■ Stored data:
####################
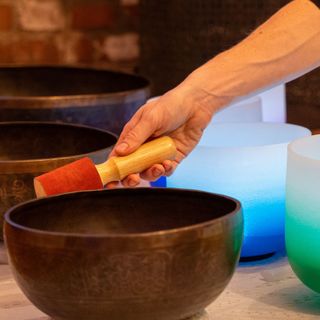 The tones of quartz crystal and Tibetan singing bowls balance each of the chakras or energy center of the body and bring each layer of the entire being into harmony with one another. They balance the physical body and synchronize the two hemispheres of the brain. Singing bowls allow old energy patterns that no longer serve us to be removed and transformed. Sound baths create a space for us to relax and enter into altered states of being, allowing us to enter into the alpha-theta optimum healing.
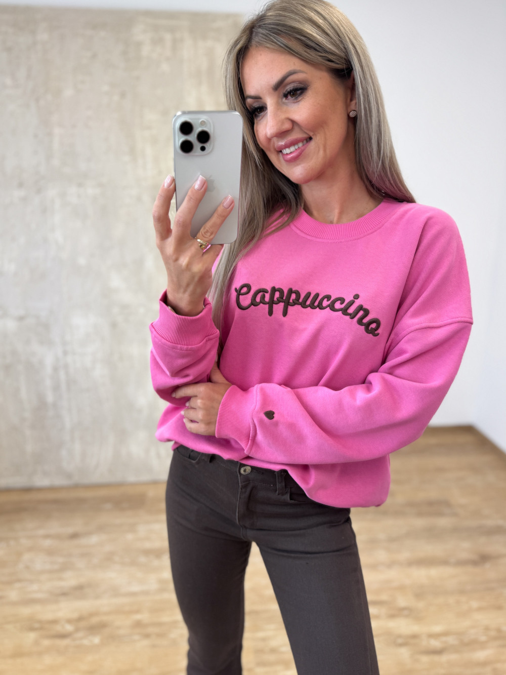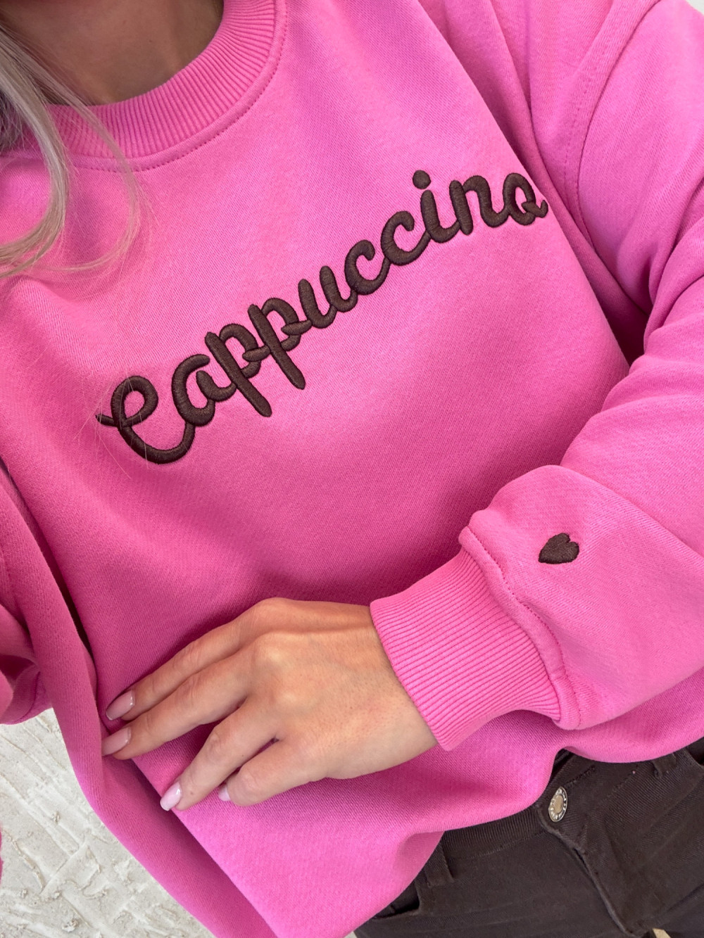 Miękka i wygodna bluza o oversizowym kroju, uszyta z wysokiej jakości bawełny. Z przodu zdobi ją wyszywany napis cappuccino, a na dole rękawa subtelne serduszko, które dodaje uroku. Model dostępny w dwóch wersjach kolorystycznych. Idealna na co dzień – łączy luz, wygodę i kobiecy detal.
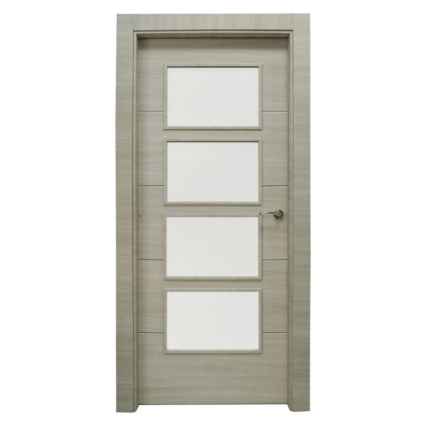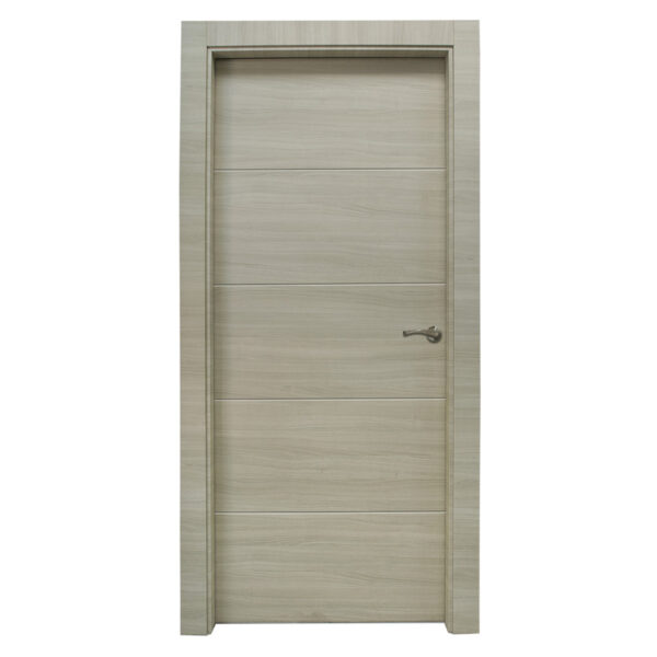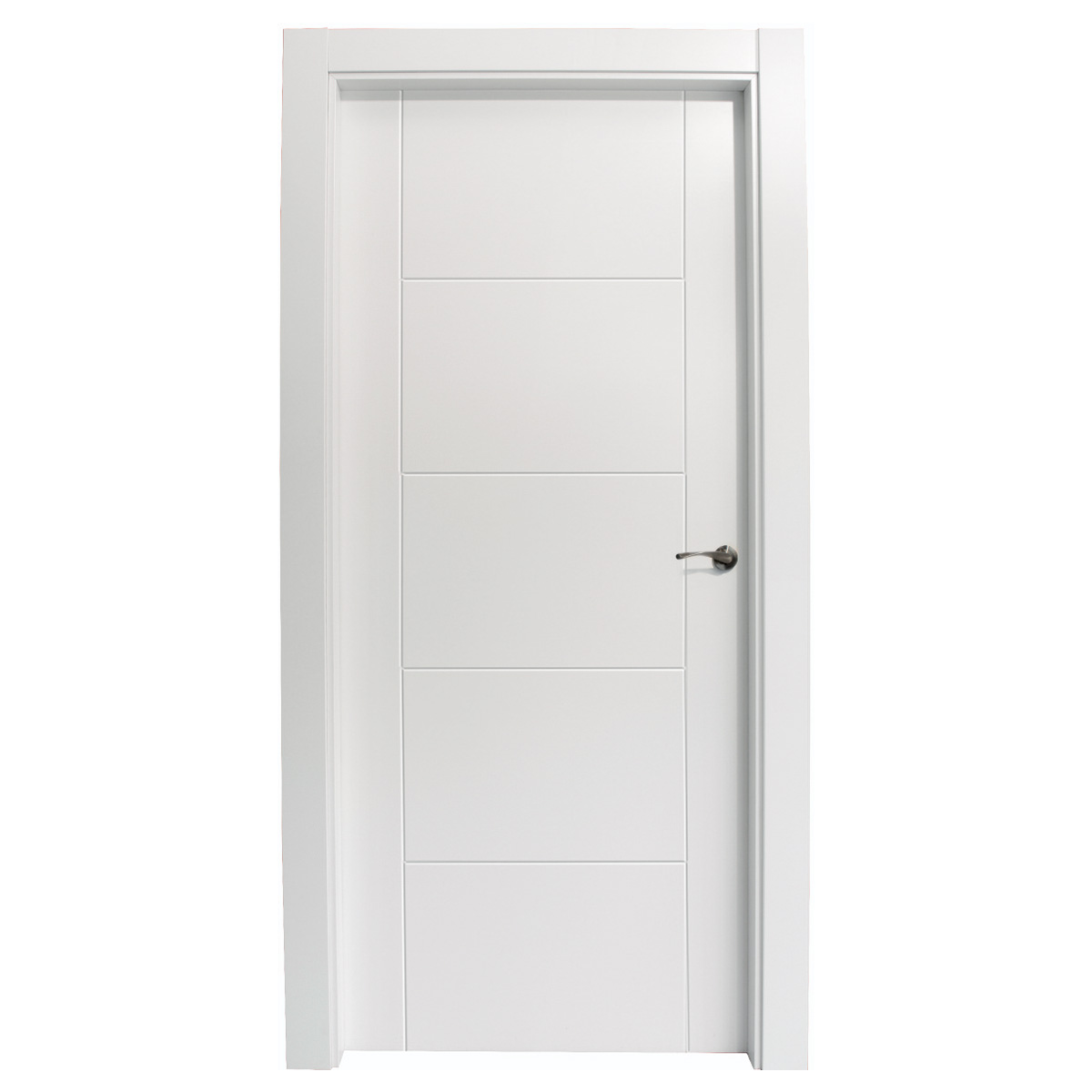 Nuestra puerta de interior fabricada en DM, maciza aligerada de 35 mm de grosor mantendrá el ambiente de su habitación gracias a su aislamiento térmico y acústico de poliestireno expandido (EPS). Su cerco en DM 70 x 25 mm incluye un burlete de goma, además de 4 pernios y petaca magnética. Además su puerta se mantendrá a lo largo de los años ya que tiene una gran resistencia gracias a su lacado alta gama sobre polipropileno de 300 gr, con cola Pur anti-humedad.
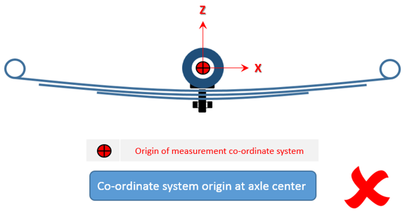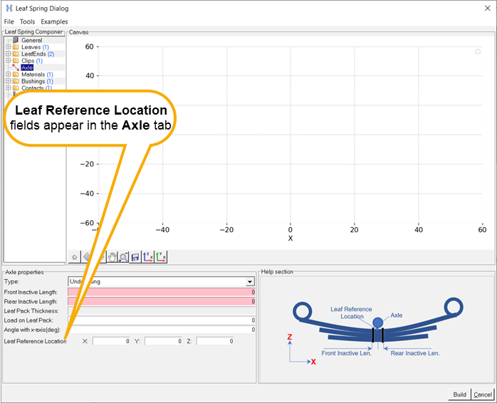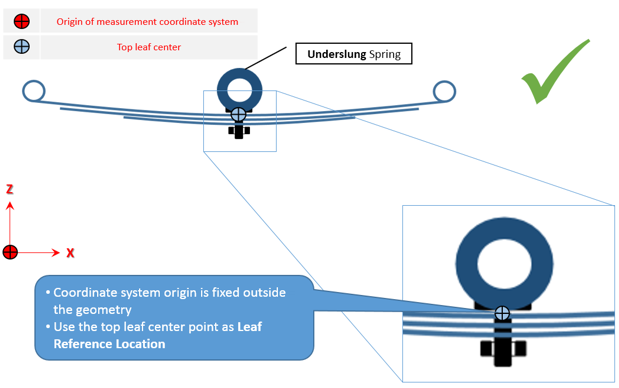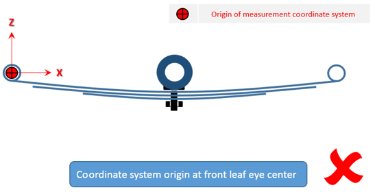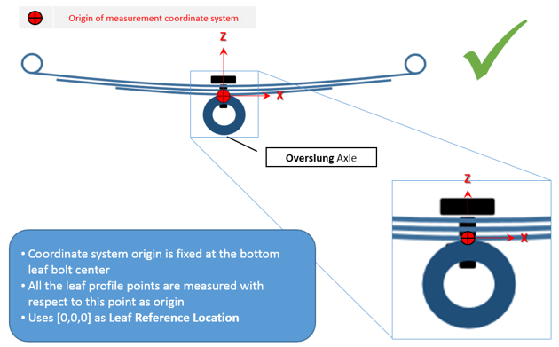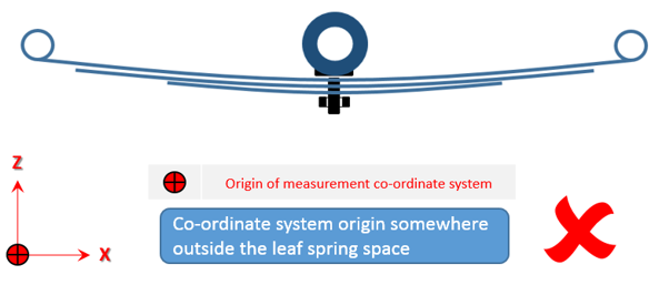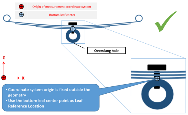 - フリー形状では、リーフがパックに組み立て済みになっていますが、車両には取り付けられていません。すべてのリーフがまとまって単一のユニットを形成します。この状態では、一貫した座標系でのみ測定を行う必要があります。また、Axleタブで正しいリーフ参照位置を入力する必要があります。この位置にリーフ参照マーカーが作成されます。
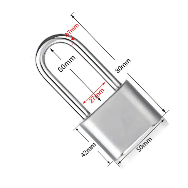 Izboljšana varnost: Kombinacijska ključavnica z dolgim lokom HD02 zagotavlja zanesljivo varnostno rešitev za različne namene. Njena robustna konstrukcija iz cinkove zlitine nudi odpornost proti posegom in prisilnemu vstopu, kar zagotavlja, da vaše dragocenosti ostanejo varne. Mehanizem kombinacijske ključavnice odpravlja potrebo po ključih, kar zmanjšuje tveganje izgube ali kraje. Popolna za zavarovanje omaric, prtljage in drugih osebnih predmetov, ta ključavnica nudi brezskrbnost, kamorkoli greste.
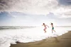 Children jumping in the waves at the beach by kids advertising photographer Lisa Tichané
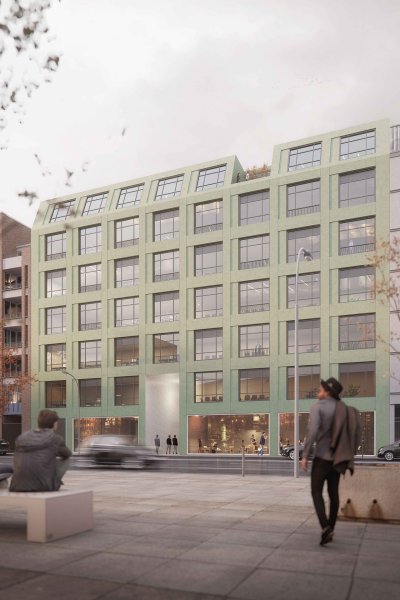 Preserve, renew, expand: this is the guiding theme of our design for the new office and commercial building in Berlin, for which we were awarded 1st prize in the JAAS Group’s architectural competition in 2022. The ensemble with an above-ground gross floor area of approx. 7,600 square metres consists of a new building with a side wing on the street front and an existing factory building with a coach house, which is to be converted and integrated into the project. The buildings have a gross floor area above ground of around 7,600 square metres, of which around 3,300 square metres are serviced flats and around 3,750 square metres are office space for new work concepts in the new building. The latter closes the gap between the buildings on the eastern side of Koloniestraße and the associated perimeter block in the Wedding district. Large shop windows on the ground floor for the approximately 550 square metres of commercial and retail space convey an inviting character towards the street. The façade is characterised by green pigmented concrete and creates a colourful contrast to the neighbouring buildings. The design by KSP Engel was awarded a DGNB platinum pre-certificate for the new building.
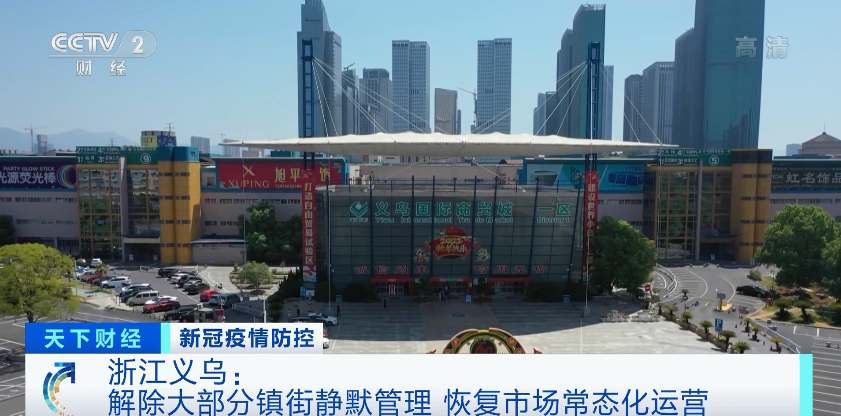 目前,义乌中风险区仍按现有管控措施做好社会面管控工作。实行静默管理的区域继续执行足不出区,生活物资配送到点,错时取物和参加核酸采样等要求。解除静默管理的区域,将有序恢复农贸市场、商超、理发店等民生服务场所,有序放开物流、电商等企业生产经营。义乌国际商贸城也于18日恢复常态化运营。
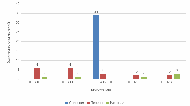 Вывод: Была проанализирована балльность и оценка состояния пути по околоткам за 2016 год. Наихудшим околотком по состоянию пути является ПД-4. Проанализировав по ПУ 32 (по ведомостям прохода вагона путеизмерителя) по всем видам отступлениям за год: просадке, рихтовке, перекосам, наибольшее количество отступлений наблюдается в месяцах: июле, августе и сентябре. По этим видам отступлений для июля, августа и сентября для 410-414 км пути околотка номер 4 были построены диаграммы. Из них видно, что наихудшее состояние пути на 411-412 км. Для этих километров, в последующем разделе дипломной работы разрабатываю технологический процесс планово-предупредительного ремонта пути.
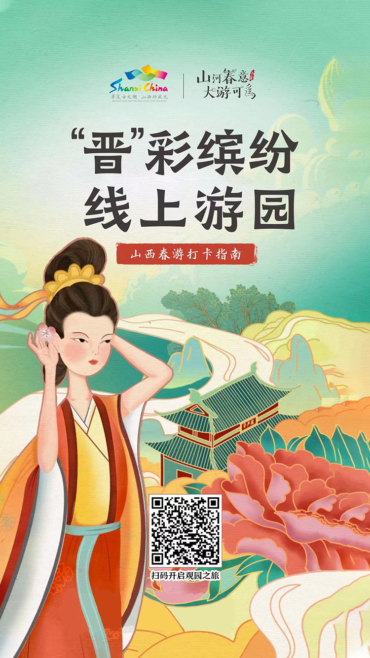 人民網(wǎng)太原4月20日電(桑莉媛)花開晉染、珍味晉有、芳華晉藝、匠心晉展。近日,山西省文化和旅游廳策劃推出了《晉彩繽紛·線上游園》互動H5,以四大板塊來展示山西春日之美,邀廣大網(wǎng)友一起線上游園,云賞山西好風(fēng)光!
####################
Reproduce the data above exactly, leaving out any picture in it.

 The tones of quartz crystal and Tibetan singing bowls balance each of the chakras or energy center of the body and bring each layer of the entire being into harmony with one another. They balance the physical body and synchronize the two hemispheres of the brain. Singing bowls allow old energy patterns that no longer serve us to be removed and transformed. Sound baths create a space for us to relax and enter into altered states of being, allowing us to enter into the alpha-theta optimum healing.
 Miękka i wygodna bluza o oversizowym kroju, uszyta z wysokiej jakości bawełny. Z przodu zdobi ją wyszywany napis cappuccino, a na dole rękawa subtelne serduszko, które dodaje uroku. Model dostępny w dwóch wersjach kolorystycznych. Idealna na co dzień – łączy luz, wygodę i kobiecy detal.
 Nuestra puerta de interior fabricada en DM, maciza aligerada de 35 mm de grosor mantendrá el ambiente de su habitación gracias a su aislamiento térmico y acústico de poliestireno expandido (EPS). Su cerco en DM 70 x 25 mm incluye un burlete de goma, además de 4 pernios y petaca magnética. Además su puerta se mantendrá a lo largo de los años ya que tiene una gran resistencia gracias a su lacado alta gama sobre polipropileno de 300 gr, con cola Pur anti-humedad.
 - フリー形状では、リーフがパックに組み立て済みになっていますが、車両には取り付けられていません。すべてのリーフがまとまって単一のユニットを形成します。この状態では、一貫した座標系でのみ測定を行う必要があります。また、Axleタブで正しいリーフ参照位置を入力する必要があります。この位置にリーフ参照マーカーが作成されます。
 Izboljšana varnost: Kombinacijska ključavnica z dolgim lokom HD02 zagotavlja zanesljivo varnostno rešitev za različne namene. Njena robustna konstrukcija iz cinkove zlitine nudi odpornost proti posegom in prisilnemu vstopu, kar zagotavlja, da vaše dragocenosti ostanejo varne. Mehanizem kombinacijske ključavnice odpravlja potrebo po ključih, kar zmanjšuje tveganje izgube ali kraje. Popolna za zavarovanje omaric, prtljage in drugih osebnih predmetov, ta ključavnica nudi brezskrbnost, kamorkoli greste.
 Children jumping in the waves at the beach by kids advertising photographer Lisa Tichané
 Preserve, renew, expand: this is the guiding theme of our design for the new office and commercial building in Berlin, for which we were awarded 1st prize in the JAAS Group’s architectural competition in 2022. The ensemble with an above-ground gross floor area of approx. 7,600 square metres consists of a new building with a side wing on the street front and an existing factory building with a coach house, which is to be converted and integrated into the project. The buildings have a gross floor area above ground of around 7,600 square metres, of which around 3,300 square metres are serviced flats and around 3,750 square metres are office space for new work concepts in the new building. The latter closes the gap between the buildings on the eastern side of Koloniestraße and the associated perimeter block in the Wedding district. Large shop windows on the ground floor for the approximately 550 square metres of commercial and retail space convey an inviting character towards the street. The façade is characterised by green pigmented concrete and creates a colourful contrast to the neighbouring buildings. The design by KSP Engel was awarded a DGNB platinum pre-certificate for the new building.
 目前,义乌中风险区仍按现有管控措施做好社会面管控工作。实行静默管理的区域继续执行足不出区,生活物资配送到点,错时取物和参加核酸采样等要求。解除静默管理的区域,将有序恢复农贸市场、商超、理发店等民生服务场所,有序放开物流、电商等企业生产经营。义乌国际商贸城也于18日恢复常态化运营。
 Вывод: Была проанализирована балльность и оценка состояния пути по околоткам за 2016 год. Наихудшим околотком по состоянию пути является ПД-4. Проанализировав по ПУ 32 (по ведомостям прохода вагона путеизмерителя) по всем видам отступлениям за год: просадке, рихтовке, перекосам, наибольшее количество отступлений наблюдается в месяцах: июле, августе и сентябре. По этим видам отступлений для июля, августа и сентября для 410-414 км пути околотка номер 4 были построены диаграммы. Из них видно, что наихудшее состояние пути на 411-412 км. Для этих километров, в последующем разделе дипломной работы разрабатываю технологический процесс планово-предупредительного ремонта пути.
 人民網(wǎng)太原4月20日電(桑莉媛)花開晉染、珍味晉有、芳華晉藝、匠心晉展。近日,山西省文化和旅游廳策劃推出了《晉彩繽紛·線上游園》互動H5,以四大板塊來展示山西春日之美,邀廣大網(wǎng)友一起線上游園,云賞山西好風(fēng)光!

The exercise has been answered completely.